Review: ‘Shaun of the Dead’

Ever have one of those days where you stumble around like a zombie and you just wanna KILL someone…?

Shaun (Simon Pegg) is a thirty-something slacker living in London. With his aspirations already fulfilled to manage an appliance store and play video games in his spare time with his flatmate Ed (Nick Frost), his only ambition is convincing his girlfriend Liz (Kate Ashfield) not to leave because he never takes her anywhere but the local pub. Everything changes when the walking dead mysteriously start to appear all over the neighborhood, and with life as they know it falling to pieces, everyone reluctantly turns to the only person that still seems to be taking it all in stride: Shaun.
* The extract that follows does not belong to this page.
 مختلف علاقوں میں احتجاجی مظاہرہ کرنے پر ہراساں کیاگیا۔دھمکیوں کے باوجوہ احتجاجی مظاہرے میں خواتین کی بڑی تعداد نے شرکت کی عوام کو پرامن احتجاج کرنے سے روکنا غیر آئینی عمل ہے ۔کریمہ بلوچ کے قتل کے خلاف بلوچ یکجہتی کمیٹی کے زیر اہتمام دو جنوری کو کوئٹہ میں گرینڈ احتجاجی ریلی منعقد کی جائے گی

Since George Romero’s Night of the Living Dead, there has been an underground fascination with zombies on film. The origin of zombies actually stems from the Haitian practice of voodoo (where the enemies of the priest were killed and resurrected to serve them), but Romero’s 1968 film takes honors for deciding the modern rules: zombies are driven to consume the flesh of the living, the bite kills its victims and turns them into zombies as well, and only destroying the brain can kill the living dead. In films such as these, the word “horror” in no way implies comedy or anything amusing.
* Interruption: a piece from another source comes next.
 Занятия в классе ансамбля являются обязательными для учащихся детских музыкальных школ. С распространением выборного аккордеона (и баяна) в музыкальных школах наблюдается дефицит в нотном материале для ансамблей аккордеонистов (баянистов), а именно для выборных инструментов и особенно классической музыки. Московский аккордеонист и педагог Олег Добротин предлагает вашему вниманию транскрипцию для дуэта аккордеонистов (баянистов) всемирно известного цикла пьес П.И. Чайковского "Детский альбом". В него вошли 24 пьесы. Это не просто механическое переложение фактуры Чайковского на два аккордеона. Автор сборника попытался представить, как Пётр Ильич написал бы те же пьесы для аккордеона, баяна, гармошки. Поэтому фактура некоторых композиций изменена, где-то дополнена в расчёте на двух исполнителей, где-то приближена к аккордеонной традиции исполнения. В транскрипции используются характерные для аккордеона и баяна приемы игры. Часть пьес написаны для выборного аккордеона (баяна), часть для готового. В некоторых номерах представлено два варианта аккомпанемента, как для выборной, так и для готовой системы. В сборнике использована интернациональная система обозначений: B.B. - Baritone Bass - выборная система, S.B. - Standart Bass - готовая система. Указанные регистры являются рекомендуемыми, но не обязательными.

Sure, the horror-comedies did grow out of the movie monster saturation of the late 1980s (ever notice how Freddy’s sweater keeps getting cleaner?), but most of them rely upon making fun of the very people and subjects that made the films popular to begin with. What sets Shaun of the Dead apart from newer films like 28 Days Later is that it follows the rules of a real zombie film while relying on the personalities of the participating characters to supply the laughs; it’s a real horror film populated with funny people who just happen to be about to die horribly.
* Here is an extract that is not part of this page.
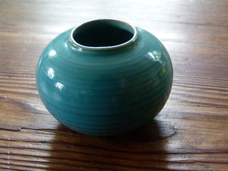 Auf diesen Thread wurde ich aufmerksam, sehr gut! Ich stehe fast mehr auf Glas, aber vor kurzem musste ich dieses Väschen auf dem Flohmarkt erstehen. 50 Cent gab ich aus. Mir gefällt die Farbe sehr, ansonsten finde ich es nicht so leicht, so kleine Vasen zu bestücken.

The cast of virtual unknowns (to American audiences, that is) gives it their all, especially Nick Frost as the lovable roomie that all your friends hate but would still do anything for his bud (if it doesn’t take too much effort, that is). To tell you any more about the plot and what happens would be to rob viewers of the experience, but pay attention to everything going on to get the maximum effect. If the world were really being overrun with zombies, who better to trust with your life than someone you wouldn’t trust with anything else?